Statistics meets Computation: Some vignettes from the interface

Abstract. In the modern era of massive data sets, computational considerations have become increasingly important in statistics. In this talk, we discuss some problems that lie at the interface between statistics and algorithms, including rigorous guarantees for non-convex optimization problems in statistics, and various forms of optimality in randomized sketching methods

Biography. Martin Wainwright joined the faculty at University of California at Berkeley in Fall 2004, and is currently a Professor with a joint appointment between the Department of Statistics and the Department of Electrical Engineering and Computer Sciences. He received his Bachelor's degree in Mathematics from University of Waterloo, Canada, and his Ph.D. degree in Electrical Engineering and Computer Science (EECS) from Massachusetts Institute of Technology (MIT), for which he was awarded the George M. Sprowls Prize from the MIT EECS department in 2002. He is interested in high-dimensional statistics, information theory and statistics, and statistical machine learning.
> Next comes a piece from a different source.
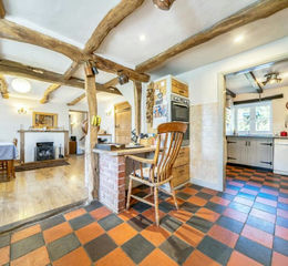 Offering inglenook fireplace with timber lintel and woodburning stove inset, bread oven door feature and stone shelf to side, radiator, beamed ceiling, 2 double glazed windows to rear and door to;

He has received an Alfred P. Sloan Foundation Research Fellowship (2005), IEEE Best Paper Awards from the Signal Processing Society (2008) and Communications Society (2010); the Joint Paper Award from IEEE Information Theory and Communication Societies (2012); a Medallion Lecturer (2013) of the Institute for Mathematical Statistics; a Section Lecturer at the International Congress of Mathematicians (2014); and the COPSS Presidents' Award in Statistics (2014). He is currently serving as an Associate Editor for the Annals of Statistics, Journal of Machine Learning Research, Journal of the American Statistical Association, and Journal of Information and Inference.